Jan 13, 2016

2015 Word of the Year: Redux

A rapid redux! We just saw a story about the results of the American Dialect Society's 2015 Word of the Year vote, and a few nights ago I noticed this relevant post on the  Grammarly blog, titled, “3 Cool Ways English Evolved in 2015.”
According to the Society vote, the 2015 Word of the Year was they, used as a gender-neutral third-person singular personal pronoun. Read on for more on gender-neutral language from Grammarly.

Trend 1 - Portmanteau, or word mashups
In 2015 the portmanteau officially arrived. Lewis Carroll coined it  to mean a suitcase with two compartments, as described in the original Grammarly source article. Grammarly says, “Portmanteaus are nothing new, but lately they’re ‘spiviralling’ out of control. That’s a new one right there; we can’t break their stride.”
Portmanteau is now used to describe two words merged into one, creating a new, unique meaning. It’s also known as a word blend, and many are already in common use.
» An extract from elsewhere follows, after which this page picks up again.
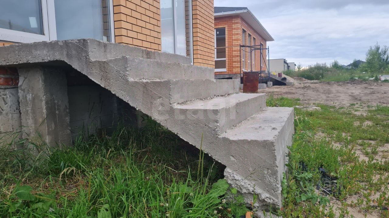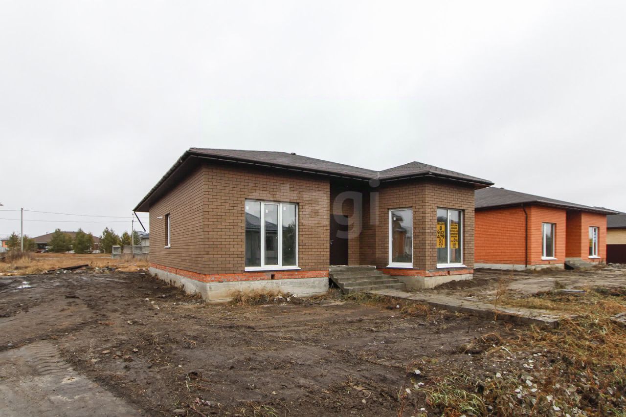 Планировка включает четыре комнаты: кухню-гостиную, три спальни, просторную террасу с панорамными окнами, гостевой санузел и котельную с двухконтурным газовым котлом. На всей площади первого этажа уложен теплый пол, в спальнях дополнительно установлены радиаторы. Дом подключен к центральному водопроводу, канализация автономная — септик на 7 куб. м. Участок полностью оформлен в собственность, отсыпан и выровнен, расположен на возвышенности, что исключает риск подтопления.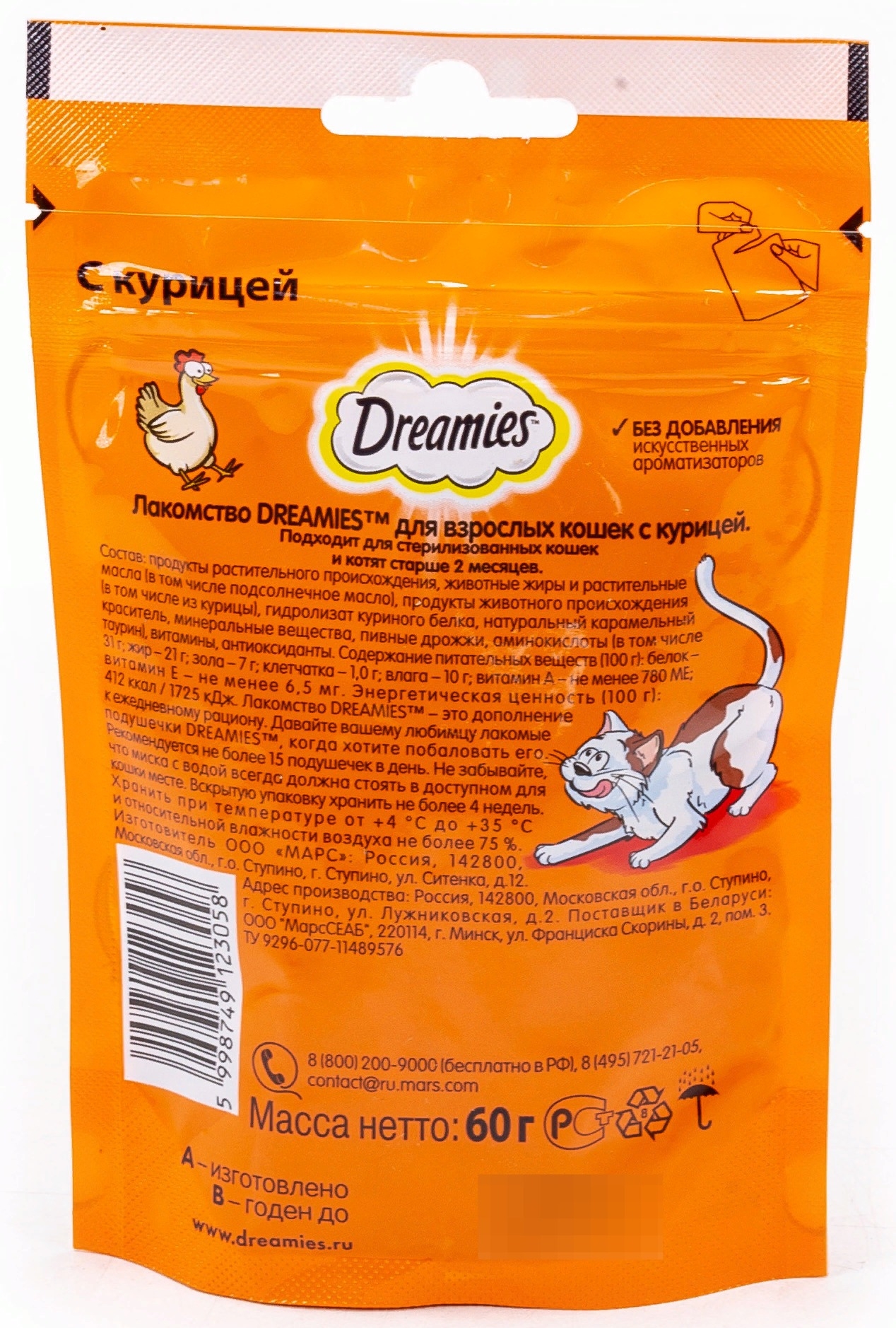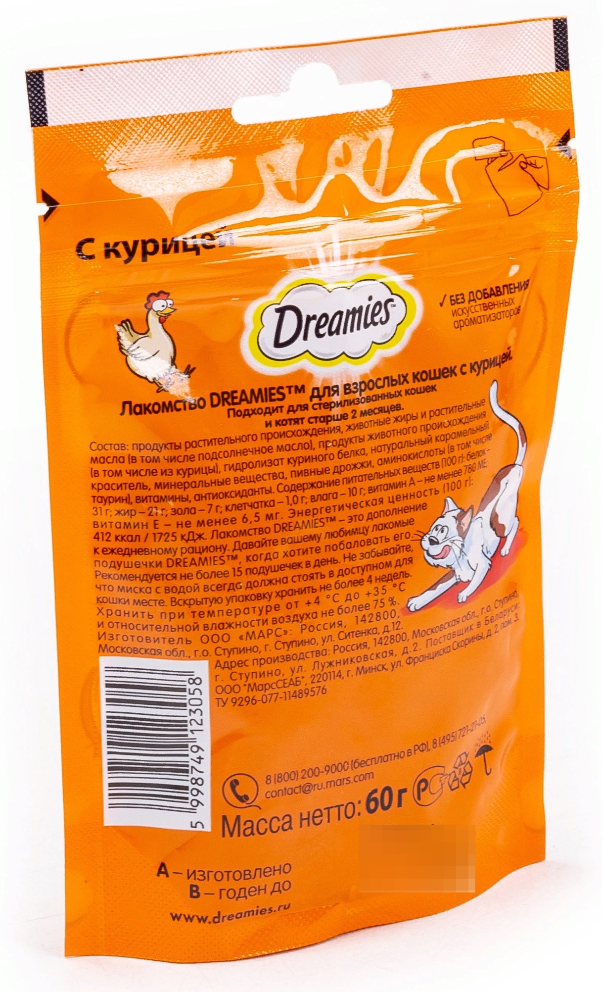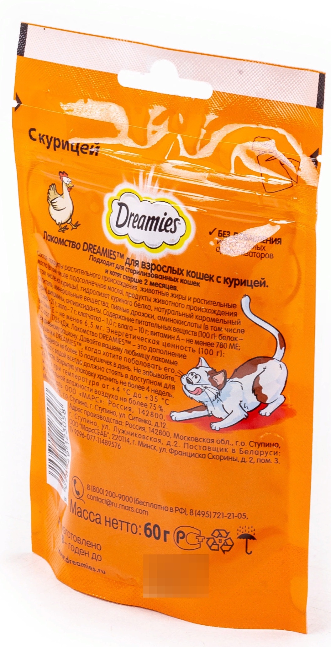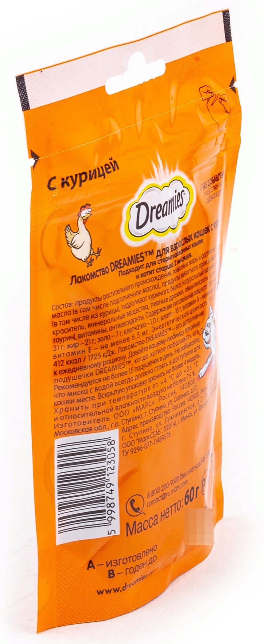 Лакомство DREAMIES реализуется в индивидуальной упаковке.

Brunch, motel, workaholic.
Lewis Carroll used his created word type in Through the Looking Glass in 1871, in his poem “Jabberwocky.” When Alice is confused by the poem’s seemingly-nonsensical wording, Humpty Dumpty explains a word in the poem’s first line.
"Well, 'slithy' means 'lithe' and 'slimy'."
('Twas brillig, and the slithy toves / did gyre and gimble in the wabe.")
Grammarly also notes that word mashups are a trend of recent years, including business buzzwords (oh, my favorite - not!) like guesstimate and phablet.
What about people who text while walking? Pedtextrians (pedestrians + texters), or wexters(walkers + texters)? I like the suggestion to Oxford Dictionaries: moblivious (mobile + oblivious). (My spell checker is really hating this post!)
In December, Oxford added twitterati (Twitter + literati). Celebrity names and couples are commonly blended, such as Brangelina and KStew and RPat.
A Twitterati even posted a portmanteau:
Trend 2 - Mx., a gender-neutral honorific
The new honorific Mx. (pronounced “mix”) is being added to the traditional Mr., Mrs., Miss, and Ms. It’s been used in the New York Times, and added to dictionary .com and OED. The title has been adopted by transgender individuals, non-binary people, or those who don’t wish to reveal their gender.
According to Jonathan Dent, OED assistant editor, the honorific first appeared in the American magazine Single Parent in 1977. At that time, Ms. was entering the mainstream. The Royal Bank of Scotland took an early lead in adding Mx. to its forms.
Trend 3 - Delicious words
Food is trending now: the way we eat, what we eat, where it comes from, and who it comes from. The internet is key in these trends, as food bloggers and foodies find each other on social media.
Food blogger Josh Friedland has compiled a dictionary called Eatymology: The Dictionary of Modern Gastronomy. Oxford Dictionary named locavore - someone who eats only locally sourced food - as its word of the year in 2007, but it’s only been included in OED in December 2015. [How often do they update OED? Does anyone here know? I don’t have it.]
Also added to Oxford Dictionaries in 2015 are wine o’clock and beer o’clock - when a person decides it’s time for one of the libations. So it doesn’t have to be five o’clock somewhere anymore.
In honor of one of my favorite musicians, David Bowie, I'm including some music which seems fitting for the topic of language evolution: "Changes," and "Under Pressure" (together with the late great Freddie Mercury). RIP, David.